Work required
The whole listing, pictures aside, should be reproduced exactly.

Dataset extract
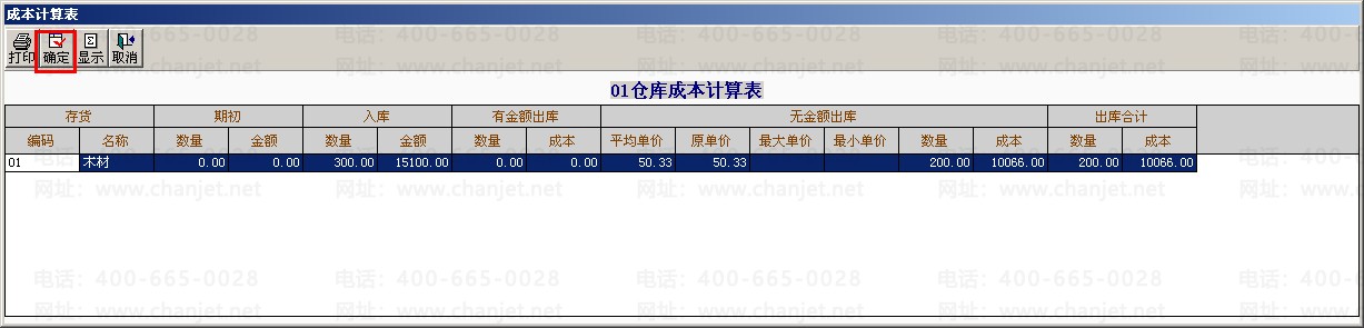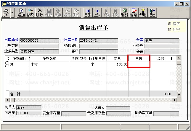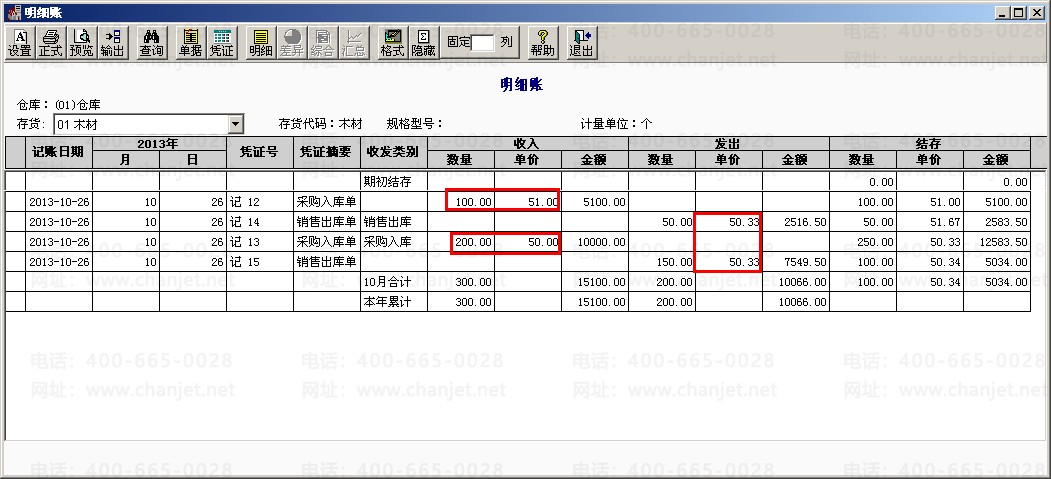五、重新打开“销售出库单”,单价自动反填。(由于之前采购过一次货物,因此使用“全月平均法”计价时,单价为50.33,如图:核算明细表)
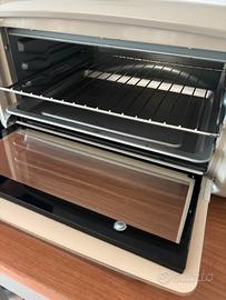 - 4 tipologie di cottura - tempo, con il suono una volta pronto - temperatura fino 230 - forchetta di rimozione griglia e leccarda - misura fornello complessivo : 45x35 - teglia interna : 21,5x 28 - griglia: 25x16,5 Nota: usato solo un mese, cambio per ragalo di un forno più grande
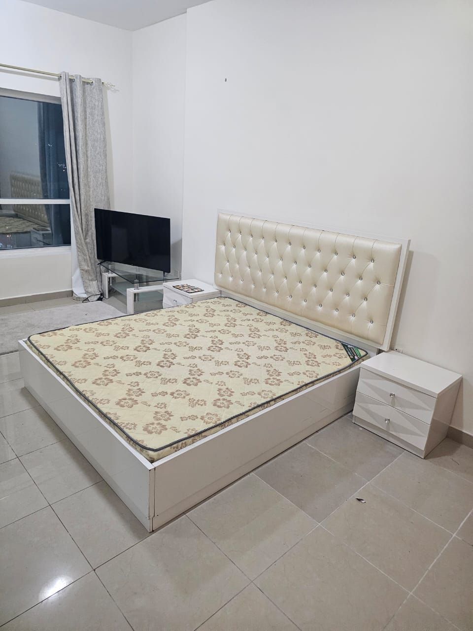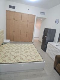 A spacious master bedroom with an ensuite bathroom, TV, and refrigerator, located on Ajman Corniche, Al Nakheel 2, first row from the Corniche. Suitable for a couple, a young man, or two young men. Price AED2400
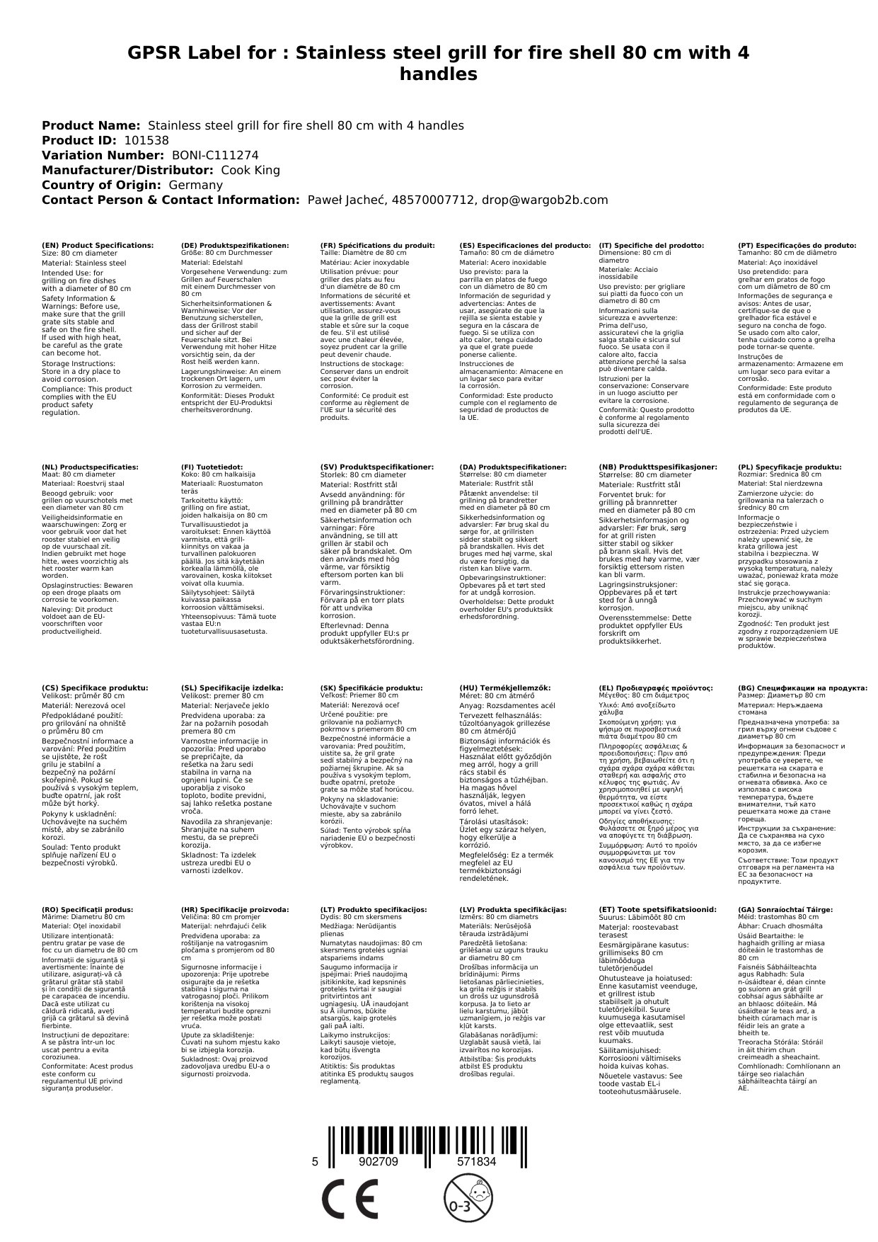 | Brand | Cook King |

Solution to the problem
五、重新打开“销售出库单”,单价自动反填。(由于之前采购过一次货物,因此使用“全月平均法”计价时,单价为50.33,如图:核算明细表)
 - 4 tipologie di cottura - tempo, con il suono una volta pronto - temperatura fino 230 - forchetta di rimozione griglia e leccarda - misura fornello complessivo : 45x35 - teglia interna : 21,5x 28 - griglia: 25x16,5 Nota: usato solo un mese, cambio per ragalo di un forno più grande
 A spacious master bedroom with an ensuite bathroom, TV, and refrigerator, located on Ajman Corniche, Al Nakheel 2, first row from the Corniche. Suitable for a couple, a young man, or two young men. Price AED2400
 | Brand | Cook King |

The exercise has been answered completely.